Steps can be taken to prevent jealousy from creeping into relationships.

“Jealousy is basically just seeing someone else getting what you want,” says Susie Collins, Ohio-based author and relationship coach.

In these cases, Collins suggests asking yourself what it is you want and how you can go about getting it.

Most people who feel jealous are insecure with something in the relationship, Collins says, and this eventually needs to be healed, or nothing good will come of the relationship.

With all the new ways to meet and communicate with people, there are now also more sources for potential jealousy. However, it usually just means there’s something else wrong in the relationship. “If your relationship is solid, there isn’t any room for jealousy,” Collins says.

A new-age prompter of jealousy is the Facebook or MySpace wall.

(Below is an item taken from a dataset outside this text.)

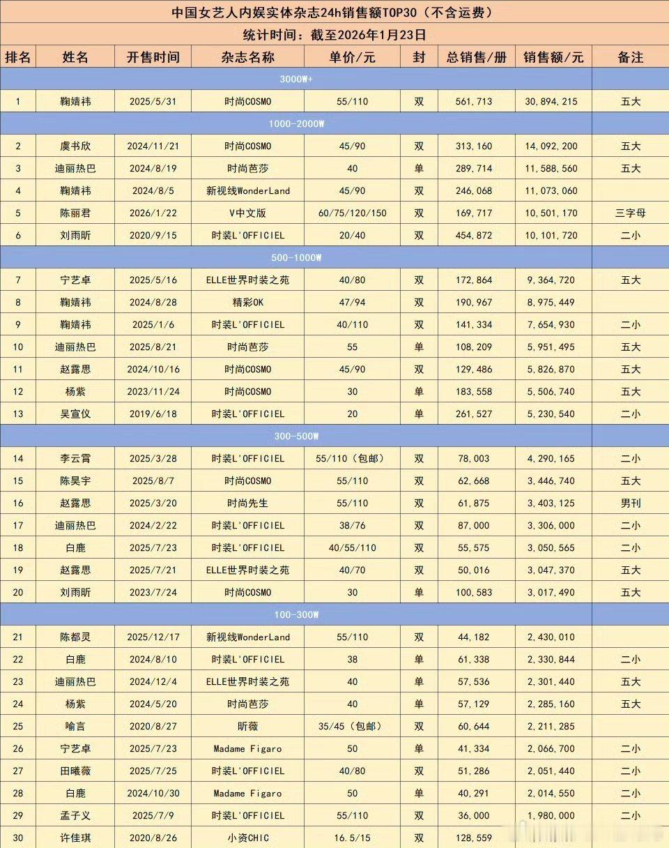 内娱男/女艺人实体杂志24销量销售额拉表

Both Michael Solganik, Overland Park freshman, and Andrew Rogers, Olathe senior, say their girlfriends have complained when other girls write on their walls, even if it was something as harmless as, “Haven’t seen you in awhile.” In Rogers’ case, one of the girls who had posted on his wall was a lesbian.

Jodi Jakylovich, Gower, Mo., senior, describes a time when she went out with a guy friend who had just returned from Afghanistan. The next morning she awoke to find that her boyfriend had blacked out all the windows of her car with shoe polish. Needless to say, he and Jakylovich are no longer together.

The best way to overcome jealousy is to first figure out if something is going on that should give you a reason to be jealous, or if you are just making assumptions. Then you and your partner need to come to an agreement and work toward having a closer, more understanding relationship. It’s important to start there instead of accusing and arguing. People usually become jealous because their lovers are more flirty than they are. In this case, Collins says to remember that your boyfriend or girlfriend loves you and he or she is going home with you, not anyone else.

When someone has cheated, it can be difficult to forgive because trust is a hard thing to build back up. Collins says, however, that if you want to rekindle that relationship you need to set aside your feelings and try to open yourself up to really try in the relationship. “You have to give up being the martyr and the victim and make sure that your partner is committed to making the relationship work,” Collins says.

Not everyone can stop his or her partner from watching porn or talking to an ex or even the occasional flirtation. Instead, the thing to ask yourself is: Why am I jealous of this? If the reason is fixable, then communicate with your partner and move on. If it’s not, then there will be a lot of unreasonable blow-ups that can lead to an unhappy ending for both people in the relationship. Everyone gets jealous. it’s how you handle it that makes your relationship a worthwhile one.